Número de crianças refugiadas que chegam desacompanhadas à Itália duplica em 2016

Cerca de 25,8 mil crianças e adolescentes desacompanhados ou separados de suas famílias chegaram à Itália por via marítima em 2016, mais do que o dobro dos 12,4 mil do ano anterior. Segundo o Fundo das Nações Unidas para a Infância (UNICEF), são necessárias medidas especiais urgentes para proteger essas crianças do tráfico de pessoas, da exploração e de abusos.

Pessoas que tentam atravessar do norte da África para a Europa em um barco de pesca superlotado são resgatadas no mar Mediterrâneo pela Marinha italiana. Foto: Marinha Italiana/Massimo Sestini

Pessoas que tentam atravessar do norte da África para a Europa em um barco de pesca superlotado são resgatadas no mar Mediterrâneo pela Marinha italiana. Foto: Marinha Italiana/Massimo Sestini

Cerca de 25,8 mil crianças e adolescentes desacompanhados ou separados de suas famílias chegaram à Itália por via marítima em 2016, mais do que o dobro dos 12,4 mil do ano anterior. Esses meninos e meninas respondem por 91% de todas as 28,2 mil crianças e adolescentes que chegaram à costa da Itália no ano passado como refugiados ou migrantes.

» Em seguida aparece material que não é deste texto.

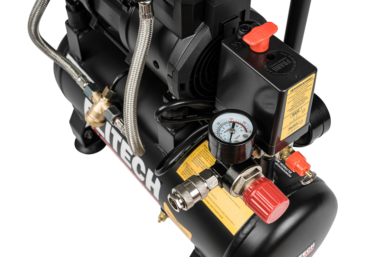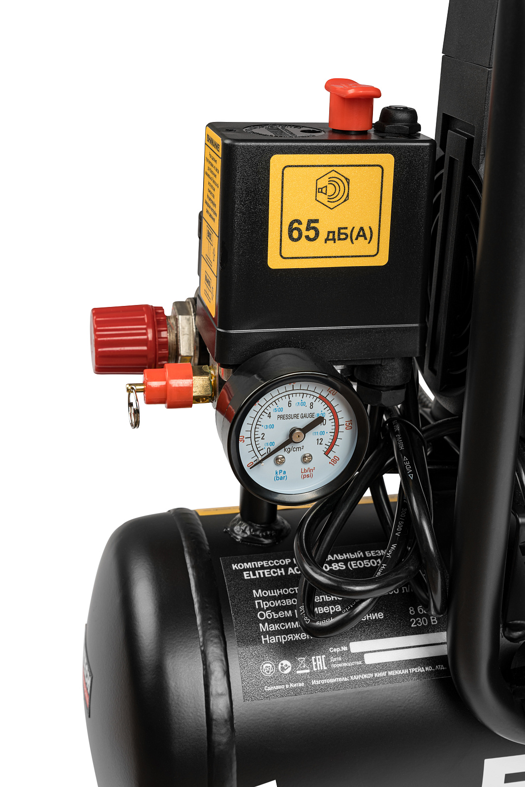 Безмасляный малошумный компрессор мощностью 1 кВт, с производительностью по входу 200 л/мин и ресивером на 8 литров, предназначен для подачи сжатого воздуха с максимальным давлением 8 бар и используется для работы с пневмоинструментом, краскопультами, мовильными и продувочными пистолетами, пистолетами для накачки шин и другим пневматическим оборудованием. На электродвигателе установлена термозащита и предохранитель от перегрузки по току. Компрессор рассчитан на сжатие только атмосферного воздуха. Использование компрессора для сжатия иных газов не допускается.

“Esses números indicam uma tendência alarmante de um número crescente de crianças e adolescentes altamente vulneráveis arriscando sua vida para chegar à Europa”, disse Lucio Melandri, gerente sênior de emergência do Fundo das Nações Unidas para a Infância (UNICEF).

“Os sistemas atuais em prática estão falhando na proteção dessas crianças e desses adolescentes que se encontram sozinhos em um ambiente totalmente desconhecido. Pelo fato de eles estarem em movimento, uma resposta europeia coordenada é necessária para mantê-los seguros”, completou.

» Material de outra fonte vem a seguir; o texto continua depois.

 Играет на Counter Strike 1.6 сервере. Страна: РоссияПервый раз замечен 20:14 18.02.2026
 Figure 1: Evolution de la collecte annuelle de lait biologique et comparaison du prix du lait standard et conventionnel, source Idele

A maioria das crianças e adolescentes desacompanhados ou separados de suas famílias vem de quatro países: Eritreia, Egito, Gâmbia e Nigéria. Embora os meninos com idades entre 15 a 17 anos sejam a maior parte, crianças mais jovens e meninas também estão entre os recém-chegados.

As meninas enfrentam risco de exploração e abuso sexual, incluindo a exploração sexual comercial por gangues criminosas. Diversas meninas entrevistadas pela equipe do UNICEF em Palermo, na Itália, relataram terem sido forçadas a se prostituir na Líbia como forma de pagar o custo da viagem de barco pelo Mediterrâneo. Muitos meninos que chegam à Líbia também relataram terem sido forçados a trabalhar.

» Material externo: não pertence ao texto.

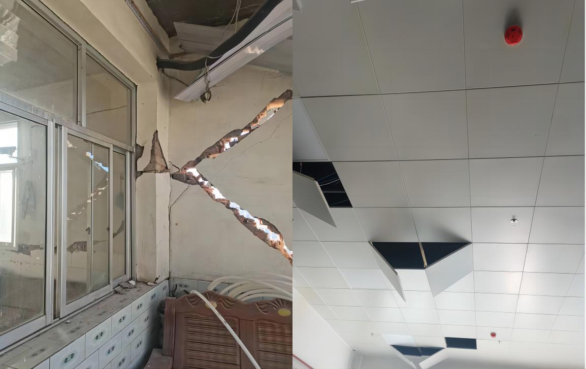 1.調(diào)查大河家中學(xué)教學(xué)樓、實驗樓、食堂和學(xué)生宿舍的震害情況。其中,4個結(jié)構(gòu)的結(jié)構(gòu)構(gòu)件均無明顯破壞,非結(jié)構(gòu)構(gòu)件砌體填充墻、吊頂破壞嚴(yán)重。雖無倒塌風(fēng)險,但使建筑的使用功能中斷。

A rota do Mediterrâneo Central do Norte da África para a Itália é ímpar pela proporção alta de crianças e adolescentes desacompanhados e separados de suas famílias entre os refugiados e migrantes. Em comparação, apenas 17% das meninas e dos meninos que chegaram à Grécia por via marítima em 2016 não estavam acompanhados por familiares ou guardiões adultos.

“A presença de tantas crianças e tantos adolescentes desacompanhados ou separados de suas famílias ao longo da rota do Mediterrâneo Central é inédita”, disse Melandri. “E é obviamente claro que temos um problema sério e crescente em nossas mãos. Para além de abordar os fatores que estão forçando meninas e meninos a viajar sozinhos de suas casas, um sistema de proteção e monitoramento abrangente precisa ser desenvolvido para protegê-los”.

O UNICEF tem defendido ações específicas destinadas a proteger e ajudar as crianças e os adolescentes deslocados, refugiados e migrantes: proteger particularmente meninas e meninos desacompanhados da exploração e da violência; pôr fim à detenção de crianças e adolescentes que buscam o status de refugiados ou migrantes por meio da introdução de uma série de práticas alternativas.

A agência da ONU também trabalha para manter as famílias unidas como a melhor maneira de proteger as crianças e os adolescentes e dar-lhes um status legal e para manter todas as crianças e todos os adolescentes refugiados e migrantes na escola, tendo acesso à saúde e outros serviços de qualidade.

O UNICEF também tem exigido medidas sobre as causas subjacentes dos movimentos em larga escala de refugiados e migrantes, assim como medidas de combate à xenofobia, à discriminação e à marginalização.